As with Landmine Goes Click, Levan Bakhia makes what one has termed a Conceptual Containment Thriller. (For a greater overview of the genre see Imprisonment Thrillers). This is a fad of films that began with Phone Booth (2002) where Colin Farrell was trapped inside the title locale by a sniper for the duration of the show. Other works followed – The Night Chronicles 1: Devil (2010) with a group of people trapped in an elevator where one of them might be The Devil and in particular Buried (2010), which placed Ryan Reynolds (and the camera) inside a coffin for the duration. Other films such as Frozen (2010), ATM (2012), Curve (2015), 47 Meters Down (2017) and Serpent (2017) did similar things.
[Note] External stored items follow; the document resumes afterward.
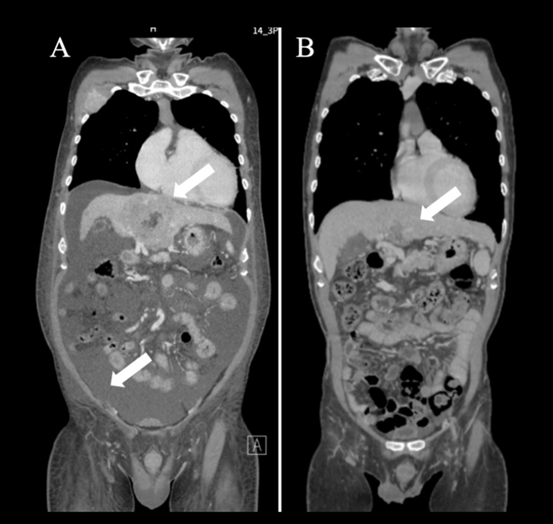 该患者接受DC疫苗+NK细胞+纳武利尤单抗的联合方案后,病情显著改善:肝脏储备功能恢复,肿瘤体积大幅缩小,腹水减少。
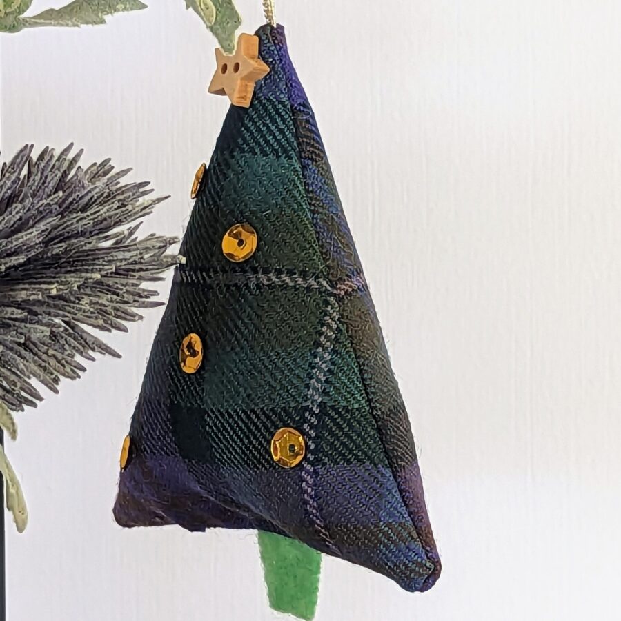 A beautifully crafted hanging Christmas decoration, handmade from genuine Isle of Skye tartan fabric. Finished with gold sequins and a cute wooden star on one side. The perfect addition to your Christmas tree!
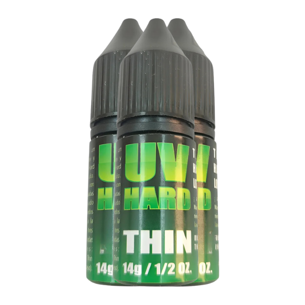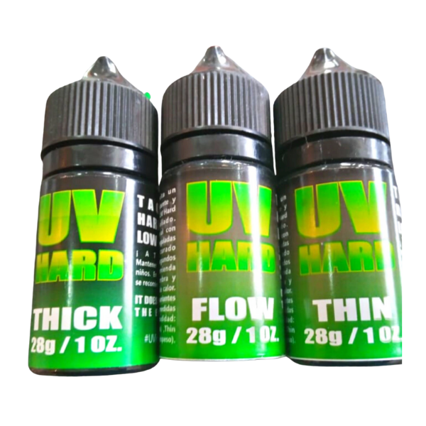 Combo completo de resinas UV Hard para cubrir todas las necesidades de atado. Incluye tres potes de 14 gramos cada uno:
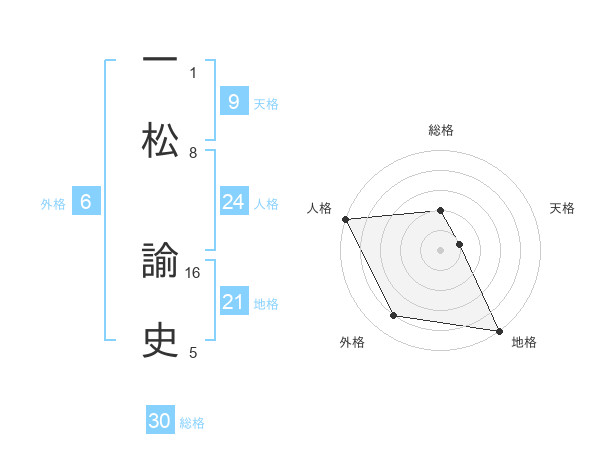一松 諭史さんの総格は30画の2点!
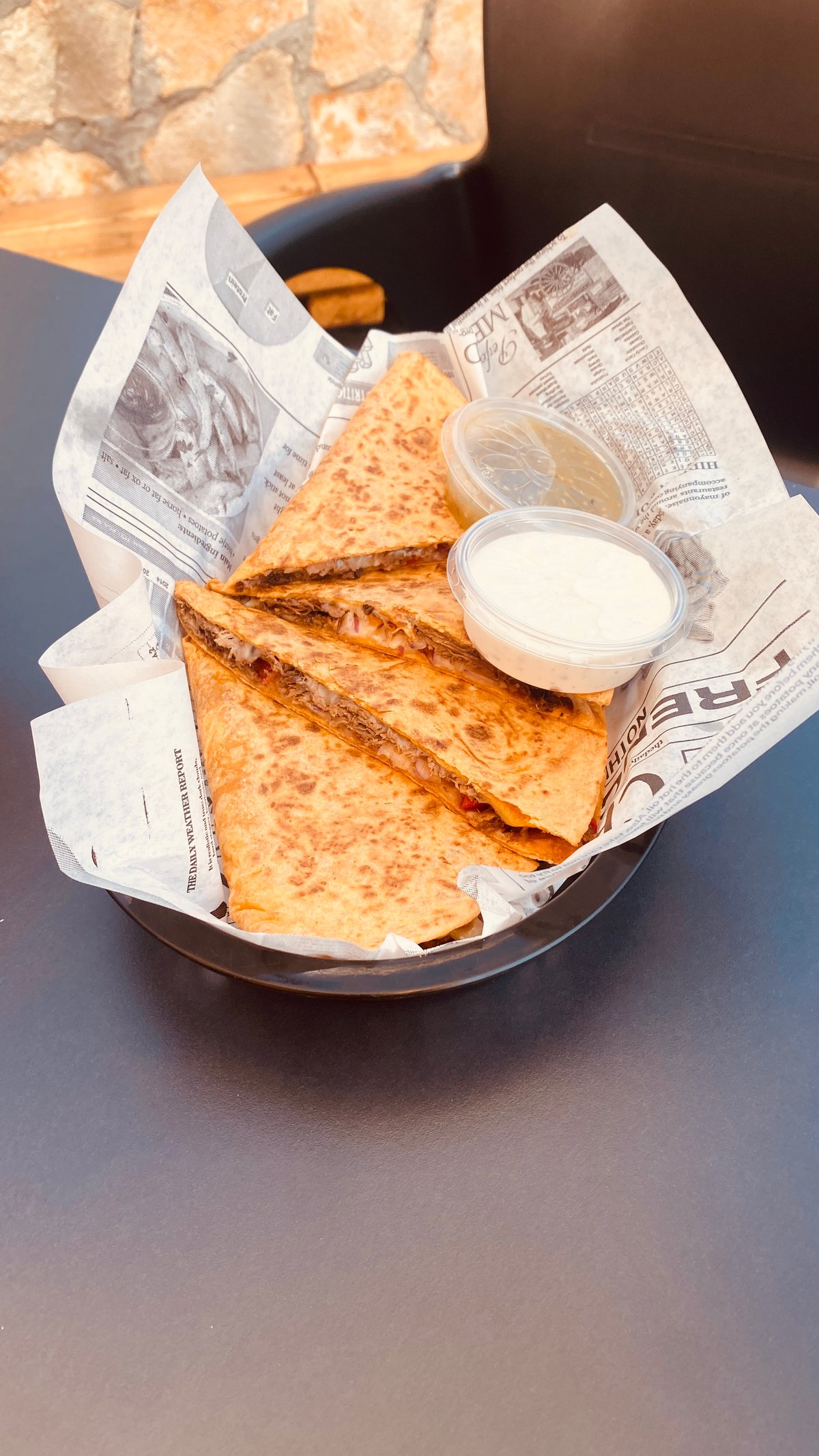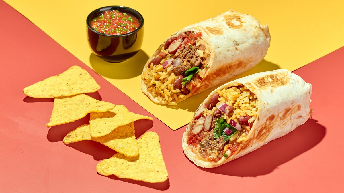 Tortilla lapba tekert kézműves burrito friss alapanyagokból.

The same idea of someone locked in sauna later played out in 200 Degrees (2017) with Eric Balfour trapped inside a kiln where someone was slowly turning the heat up. (For an overview of the genre see Imprisonment Thrillers).

Levan Bakhia claims he based the film on a true story that happened to people he knew. With nobody coming forward to confirm the account, we can place 247oF inside the realm of Films That Make Dubious Claims to Being Based on True Stories. Nevertheless the basic set-up of events has a fundamental plausibility. Screenwriter Lloyd S. Wagner at least appears to have read up on the basics of how saunas operate and there is no reason I can tell (while keeping in mind I am no expert on the mechanics of saunas) as to why it could not have happened. The set-up is a reasonable idea for one of these Imprisonment Thrillers. Once Levan Bakhia and Beqa Jguburia get the characters into the sauna they let the situation play out in the various tensions and arguments between those imprisoned and the hopes and possibilities for escape that the film raises.

Scout Taylor-Compton., Travis Van Winkle and Christine Ulloa in 247°F (2011)
Scout Taylor-Compton. comes to the aid of Travis Van Winkle. With Christine Ulloa in the background

On the other hand, I don’t feel that Levan Bakhia and Beqa Jguburia ride the rollercoaster of tensions as well as they could have. There are other Conceptual Containment films listed above that keep you on the edge of the seat with more dramatic effect and push the characters into more intense, hanging-by-the-fingertips situations than this does. The lack of tension is surely signalled by the need to include a fantasy sequence where Scout Taylor-Compton fantasises that she breaks out of the sauna and gets free – usually inserting dream jumps and sequences, particularly in a horror film, is a signal that it is not getting them elsewhere.

Bakhia and Jguburia bring a handful of international names to Georgia to shoot (the location is never specified as taking pace in Georgia and we are left with the implication that it is standard USA). These include Travis Van Winkle and Michael Copon, minor names mostly known for tv work, and Tyler Mane, known as Sabretooth in X-Men (2000) and as Michael Myers in the Halloween (2007) remake.

The headline name is Scout Taylor-Compton who was considered a latter day Scream Queen of sorts after appearing as Laurie Strode in the 2007 Halloween and its sequel Halloween II (2009). It must be said that the role she gets here as someone who is fearful and cautious throughout is not the best highlight for her – she comes across as too withdrawn and not sympathetic enough. The film also has a prologue in which she and her boyfriend (fiance?) are caught in a car crash and he is killed – a scene that proves to have no relevance to anything that subsequently occurs. It is a case of loading Chekov’s Gun, placing it on the wall and then failing to use it.